Junge Frauen sollen inspiriert werden

Auch auf dem Gleichstellungsparkett tanzt das neue OK-Team seinen ersten Tango. Bei einem Drittel aller engagierten Bands spielt mindestens eine Frau mit. Die Organisation «Female Band Workshop» schätzt, dass auf den Schweizer Bühnen lediglich rund fünf Prozent aller Instrumentalisten Frauen sind.

«Uns ist es ein Anliegen, auch Musikerinnen zu zeigen.»
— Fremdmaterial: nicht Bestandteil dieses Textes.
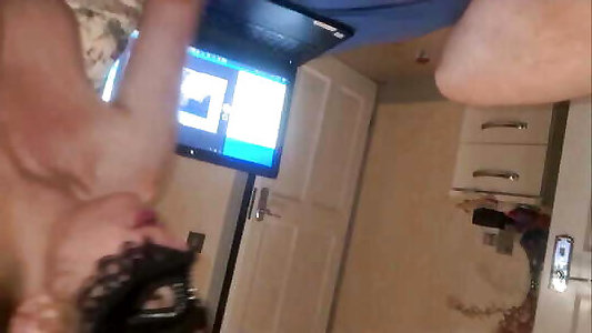 demi-soeur sexy poussant un énorme gode noir au fond du cul de son frère,accrochage de strapon, branlette ballbusting
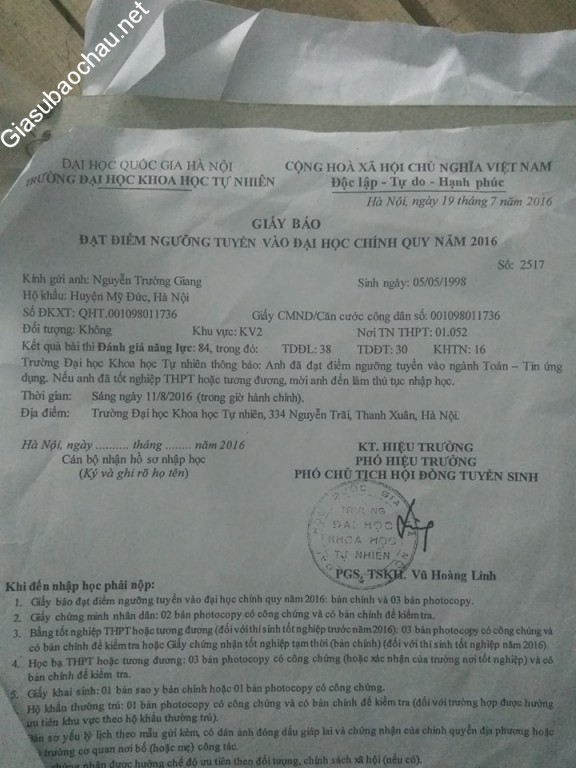 | Trường | ĐH QGHN - ĐH Khoa học Tự nhiên |
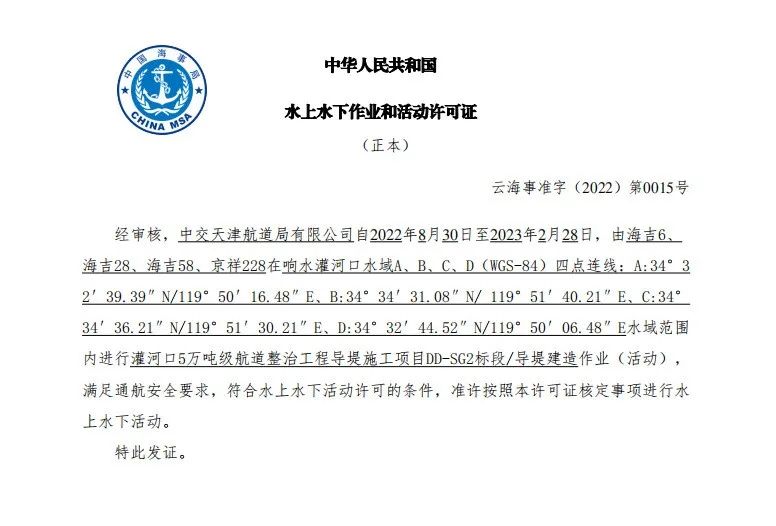 8月30日至31日,連云港海事局陸續簽發灌河口5萬噸級航道整治工程導堤施工一標段和二標段水上水下活動許可證,標志導堤工程施工前手續全部完成,為灌河口5萬噸級航道整治工程的全面開展邁出了重要一步。
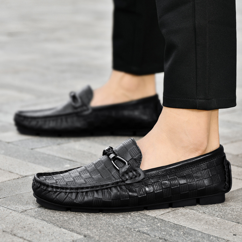 トップ層牛革エンボス豆靴生放送で起爆した怠け者の運転靴英倫カジュアル靴本革牛革男靴
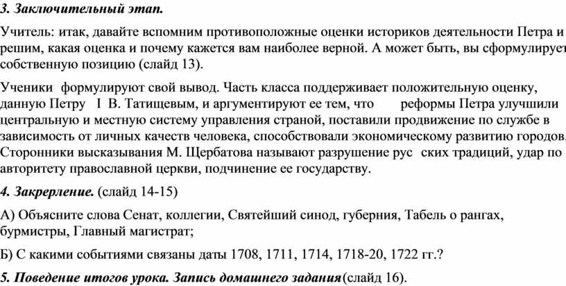 Ученики формулируют свой вывод. Часть класса поддерживает положительную оценку, данную Петру I В. Татищевым, и аргументируют ее тем, что реформы Петра улучшили центральную и местную систему управления страной, поставили продвижение по службе в зависимость от личных качеств человека, способствовали экономическому развитию городов. Сторонники высказывания М. Щербатова называют разрушение русских традиций, удар по авторитету православной церкви, подчинение ее государству.
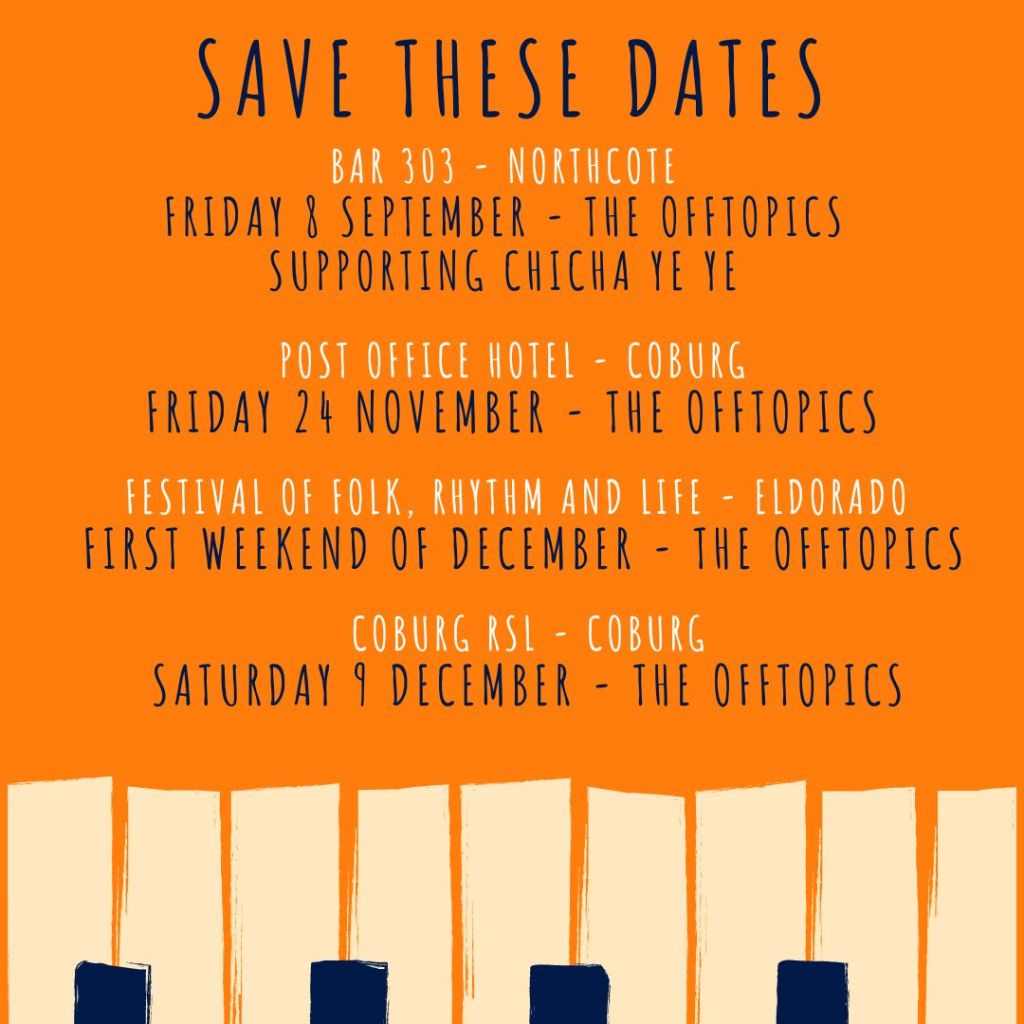 Ok, so maybe I’m not using that expression properly (inconceivable?) but I couldn’t think of anything else for the subheading. Yes, the band only has three more shows this year (and not until late November either) but an Offtopics newsletter wouldn’t be what it normally is without talking about a lot of other stuff that’s going on. And there’s a LOT to talk about. There’s non music stuff to talk about like my recent success coaching a fifth hockey Grand Final win for The Old Carey Hockey Club, there’s also the forthcoming Voice Referendum (spoiler: The Offtopics are all voting “Yes”), there’s an overdue reflection about the Comfort Music season at La Mama and then, there are all the “family gigs” by Offtopics players in their other bands. I’ll give them each a spruik at the end of the newsletter. So it’s not only our stuff that’s pouring into the chute for the last quarter of 2023.

Martin Riesen, OK-Leiter Rock the Docks

«Uns ist es ein Anliegen, auch Musikerinnen zu zeigen», äussert sich Riesen dazu. Und Hürlimann doppelt nach: «Wir machen dieses Festival auch für Jugendliche und haben hier eine starke Vorbildfunktion.» Wer nur Männer in Aktion sehe, tue sich schwer, als junge Frau selber den Schritt auf die Bühne zu wagen. Wie so oft gilt auch hier: Gut vorgelebt ist halb gewonnen.

Seit sieben Jahren gibt es das Rock the Docks.

Das «Rock the Docks» gehört zu den Fixpunkten am Zuger Festival-Himmel.

(Bild: dor)

Auch auf dem Programm am Samstag: ein Skatecontest. Und nachdem die Acts im Hafen das Mikrofon und die Instrumente niedergelegt haben, fährt auch dieses Jahr wie gewohnt ein Shuttlebus an die kostenlose Aftershowparty in der Galvanik. Tags darauf wartet das RTD mit Workshops, Kunstmarkt und Katerbrunch darauf, dass die Zuger wieder zurück in den Hafen pilgern.